2) First give KwvThe users in the set are allocated PRBs. Cyclically allocating PRBs, each cycle first findingAnd current utility Uk,c,iAnd allocating the PRB with the maximum SINR of the user in the unallocated PRB set to the user with the maximum difference. The rate and utility of the user is updated. If the updated utility is satisfiedThe user is selected from the set KwvAnd (4) removing. If not, continuously and circularly allocating PRB according to the steps until KwvIs empty.
3) Remaining users are allocated PRBs, the utility and gain ratios for the current operators are first calculated βi' find proportion β of number of shared PRBsiAnd β'iThe operator with the greatest difference. Allocating the operator users according to the respective spectrum resources of the operators when the virtualization is not usedAllocating one PRB, updating utility and gain proportion β 'of each operator after allocation'i. And repeating the steps until all PRBs are allocated.
The resource sharing strategy among operators in the network virtualization based on the invention has the following advantages:
1. and all operators can concentrate the frequency spectrum resources into the resource pool through network virtualization, so that the flexibility of resource sharing is improved, and the resource utilization rate is improved.
2. The utility-based resource allocation method improves the utility of the system and ensures the fairness among users at the same time.
3. The set resource sharing limiting conditions ensure that the utility of the user is not reduced during virtualization and are also improved.

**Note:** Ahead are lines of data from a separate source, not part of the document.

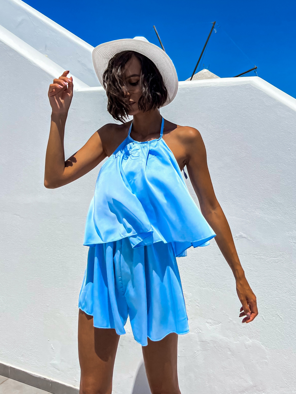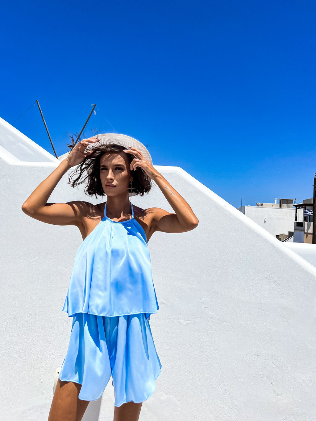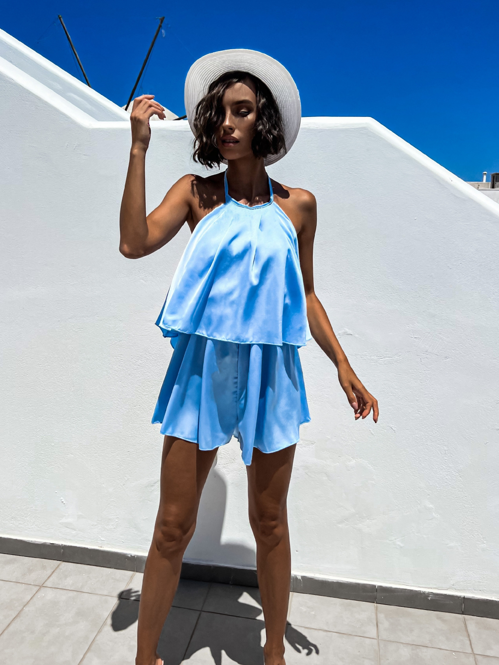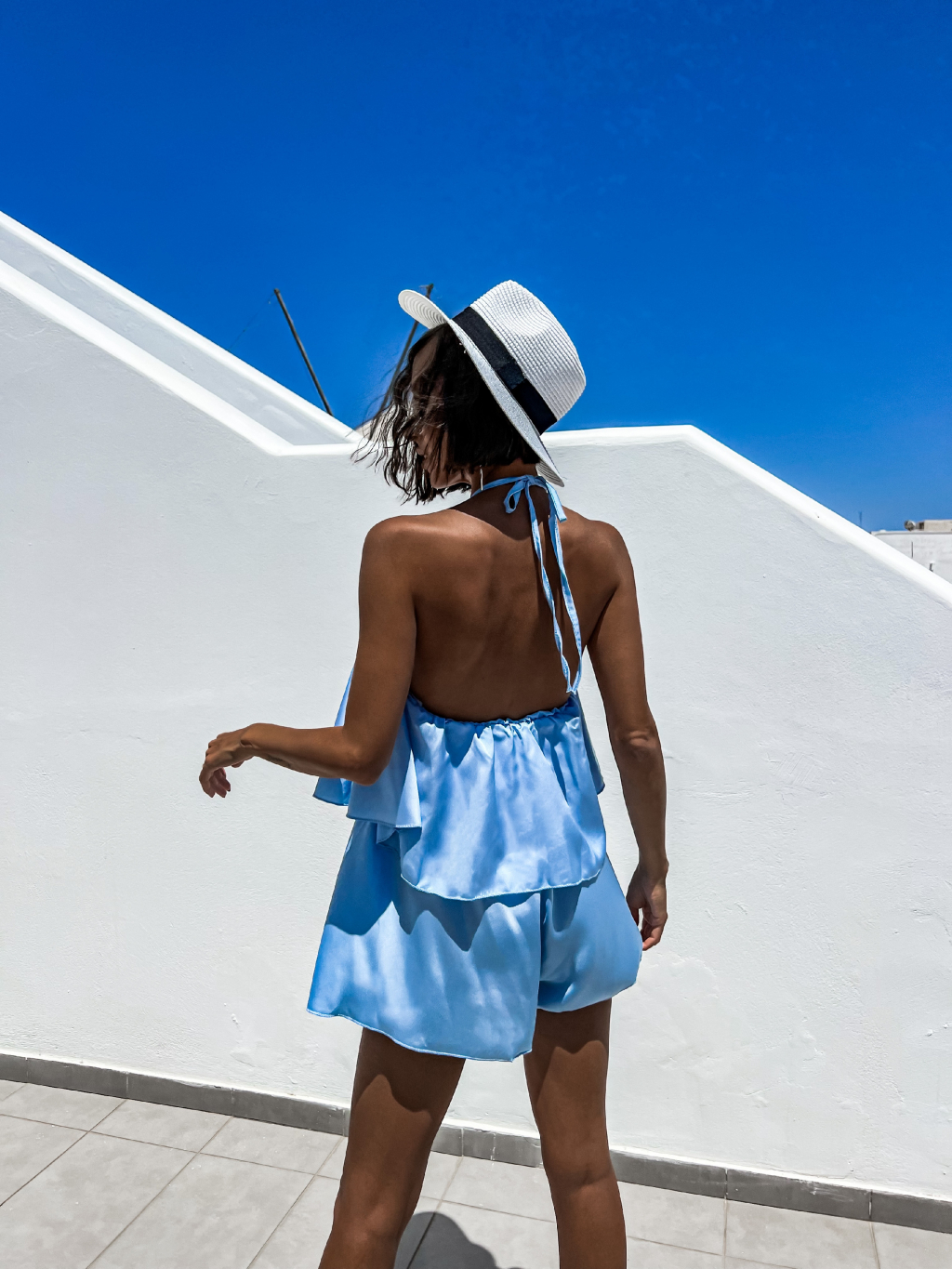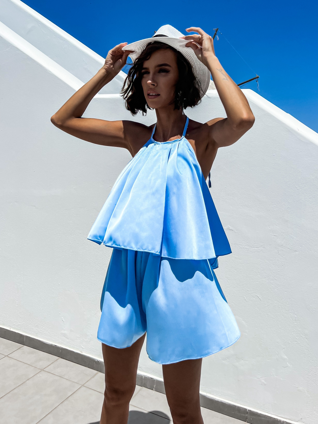 Svetlo modrý volánikový overal RHODYE so zaväzovaním za krk
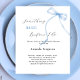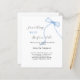 An elegant white background, decorated with blue bow. Personalise and add a name and party details.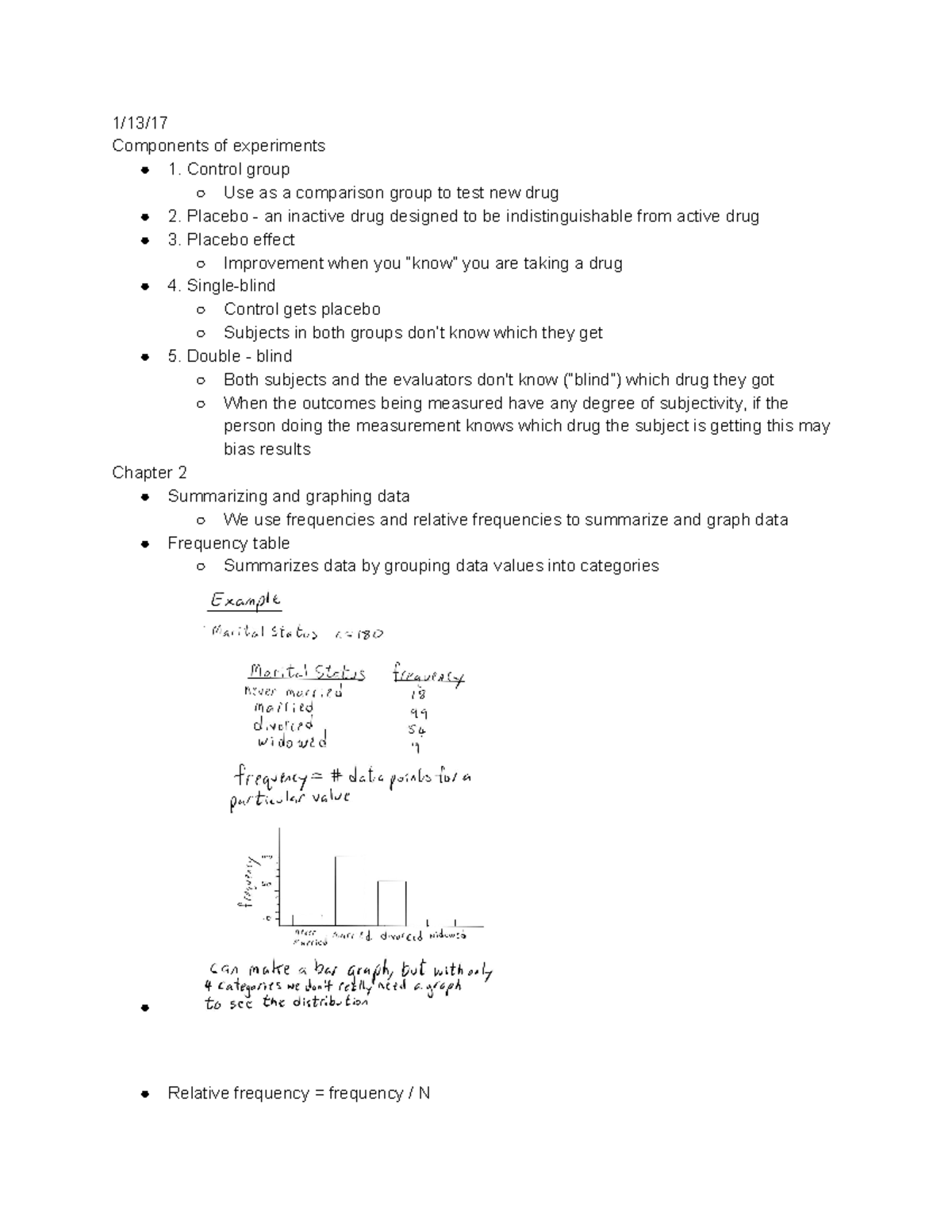 Stat 13 lecture 3 - 1/13/ Components of experiments 1. Control group ...

4. Setting the utility and gain ratio of each operator equal to the ratio of the number of shared PRBs encourages the operators to share more spectrum resources, because the more the sharing is, the more the gain they obtain.
Detailed Description
The implementation method of the invention is as follows:
when the virtualization is not used, each operator allocates PRBs according to the following implementation method:
1) the PRB is firstly allocated to the HQ user with the effectiveness of 0. The HQ user with utility of 0 is as followsAnd sequencing the values from high to low, and allocating PRBs to HQ users in sequence.

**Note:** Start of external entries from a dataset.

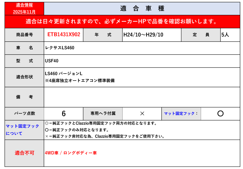 [クラッツィオ]USF40 レクサスLS460_バージョンL(H24/10~H29/10)用カスタムフロアマット(ラゲッジ無)[ETB1431X902] 收藏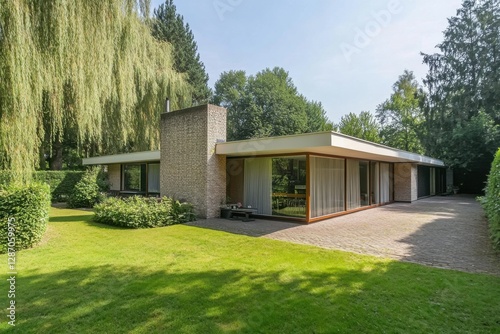 Modern residential house surrounded by greenery featuring large windows and a patio area in the peaceful outdoors during a sunny day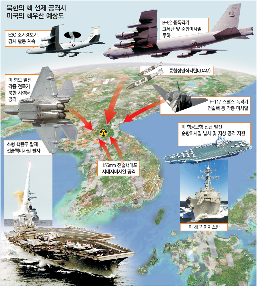 북한으로선 핵우산의 보호를 받는 한국을 핵무기로 선제공격했다가 몇 십, 몇 백배의 위력을 가진 미 전략핵무기의 무차별 보복을 받아 초토화될 수 있다는 위기감을 느낄 수밖에 없는 것이다.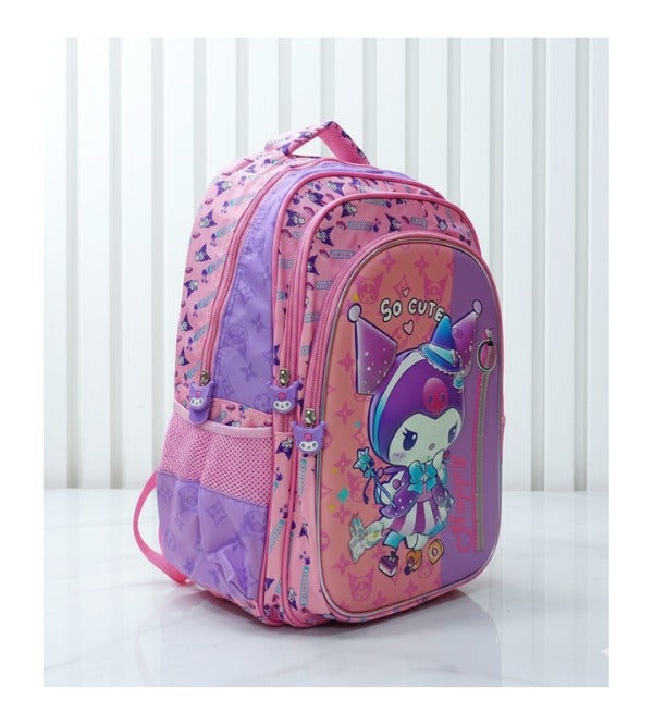 Featuring a charming 3D Kuromi design, this backpack stands out with its adorable look and vibrant detailing. It offers one spacious main compartment, two small compartments, and two side pockets — perfect for keeping books, notebooks, lunch boxes, stationery, and a water bottle organized. Crafted from high-quality, washable, and durable material, this Kuromi school bag is built to last and easy to clean.

All unallocated PRBs are selected each timeThe largest PRB is allocated to the user, and the user rate is updated every time one PRB is allocated:
if the updated rate of the user does not satisfyThe user continues to be allocated PRBs. And if so, continuously repeating the steps to allocate the PRB to the rest users.

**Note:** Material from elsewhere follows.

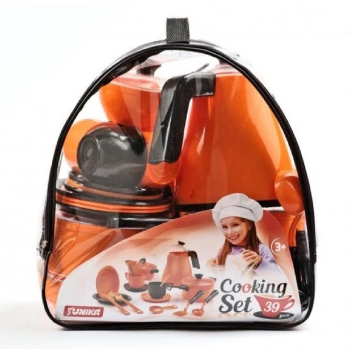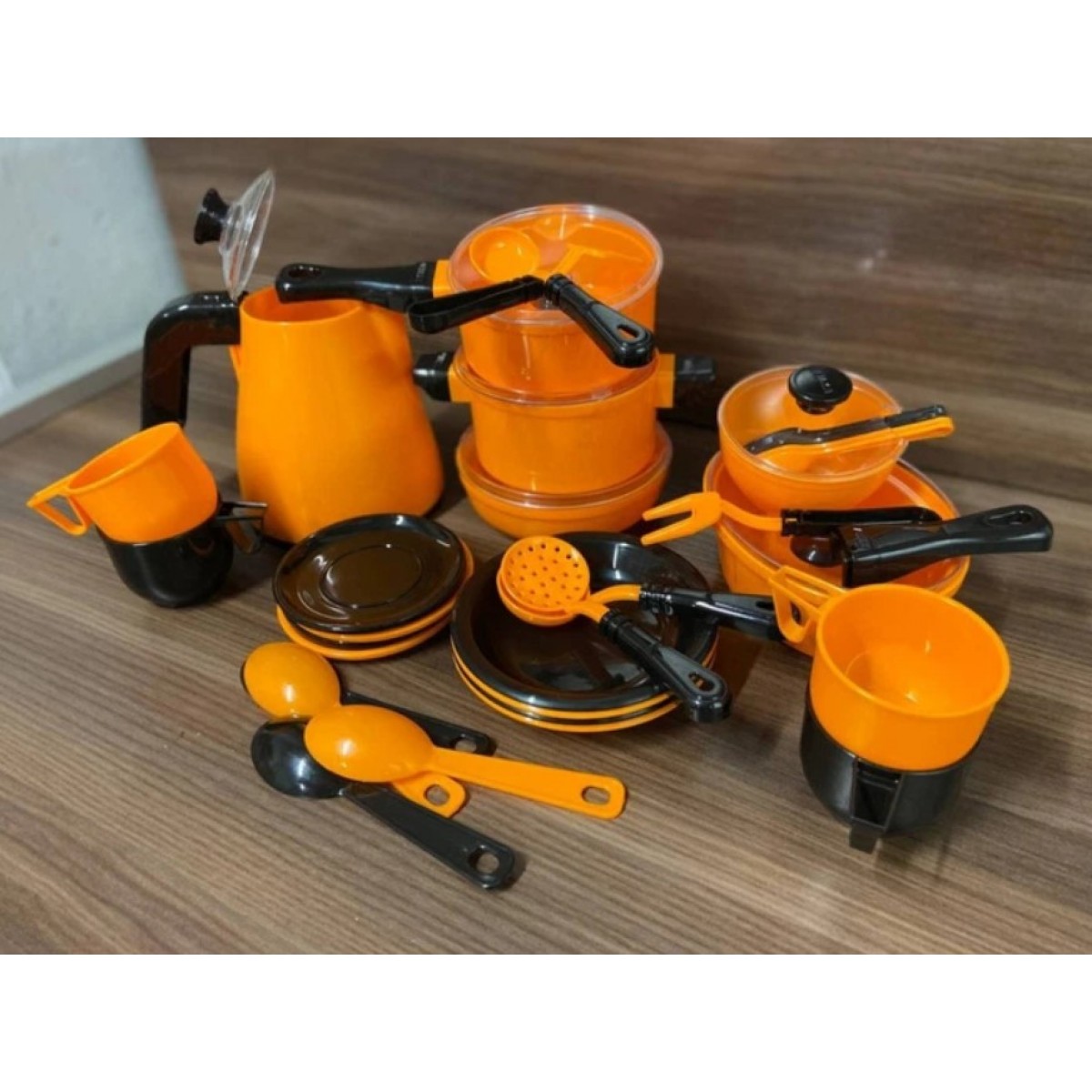 Кухонный набор будет интересным подарком ребенку. В наборе есть: чайник, 2 кастрюльки (большая и маленькая), сковорода, мисочка, 8 тарелочек (4 больших и 4 маленьких), кухонные приборы (по одному) и столовые приборы (по 4). Выполнен из качественного пластика.

2) Allocating PRBs to SQ and BE users. Each time, a user is selected that satisfies the following conditions:
PRBprb that maximizes utility gain*Assigned to user k*And updating the rate and the utility of the user after allocation. And repeating the steps until the PRB is allocated.
When virtualization is used, PRBs are allocated according to the following implementation method:
1) initializing the utility of all users to be 0, and finding the utility after allocating resources when not virtualizedSet of users K greater than 0wv。
2) First give KwvThe users in the set are allocated PRBs. Cyclically allocating PRBs, each cycle first findingAnd current utility Uk,c,iAnd allocating the PRB with the maximum SINR of the user in the unallocated PRB set to the user with the maximum difference. The rate and utility of the user is updated. If the updated utility is satisfiedThe user is selected from the set KwvAnd (4) removing. If not, continuously and circularly allocating PRB according to the steps until KwvIs empty.
3) Remaining users are allocated PRBs, the utility and gain ratios for the current operators are first calculated βi' find proportion β of number of shared PRBsiAnd β'iAllocating a PRB to the operator user according to the respective spectrum resource allocation method of the operator when the operator does not use virtualization, and updating the utility and gain proportion β 'of each operator after allocation'i. And repeating the steps until all PRBs are allocated.